Friday, October 3, 2014

Come, Wanderer






"Come, come, whoever you are.
Wanderer, worshipper, lover of leaving -
It doesn't matter.
Ours is not a caravan of despair.
Come, even if you have broken your vow a hundred times.
Come, yet again, come, come."
—Jalāl ad-Dīn Muḥammad Balkh, or Rumi
(September 30, 1207 – December 17, 1273)






I share a birthday with Rumi.

Maybe that shouldn't be my most first thought when reading this. Yet, I've always loved Rumi. I first found his work when I was in high school, working in the library. It caresses me with its passion and intensity.

Wanderer ~
I've been a traveler, a nomad, a gypsy since a very young age. My mother said I habitually wandered off. When I was 5 or 6, I climbed to the top beam of a house being built in my neighborhood and she needed to climb up to get me. I promised to be good, to stay close, to let people know where I was going. Alas, I have indeed broken that promise at least a hundred times.
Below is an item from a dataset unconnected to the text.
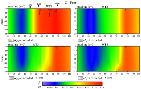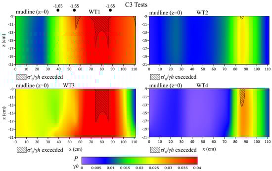 In order to analyze the maximum pore pressures recorded during the experiments, and to relate this with the areas of theoretical soil failure, pressure maps were plotted showing the instant of maximum pressure for each wave condition, shown in Figure 6. For the instant of maximum pressure measured by each transmitter, a linear interpolation was performed, obtaining a pressure map for the whole area. Then, the initial mean normal effective stress was estimated, using equation 1 [26] for the whole soil area, and the zones where this value was exceeded were added to the maximum pressure map. In Equation (1), is the initial mean normal effective stress, γ’ is the submerged specific weight of the soil, k0 is the coefficient of lateral earth pressure, as given by [20] and is equal to 0.441; z is the vertical coordinate measured downwards from the upper surface of the soil to the bottom of the flume.

Rumi speaks from that deep place of love, the knowingness that someone is always present in your life, will always return to you ~ or allow your return. The call to that return is exuberant ~ "Come, come.... yet again, come, come." The invitation is not only real but overflowing with emotion.

Rumi's voice can be heard also as the voice of the Divine, the Lover of us all, hailing us, reminding us that there is a place for us whenever we choose to return to it. It's that open, passionate invitation that keeps me returning when I feel less than charitable toward myself, when I need to be held by the essence of Love.

Is there a place, solid or spiritual, that beckons you? How do you feel when it does? What draws you back? How do you "hear" the call?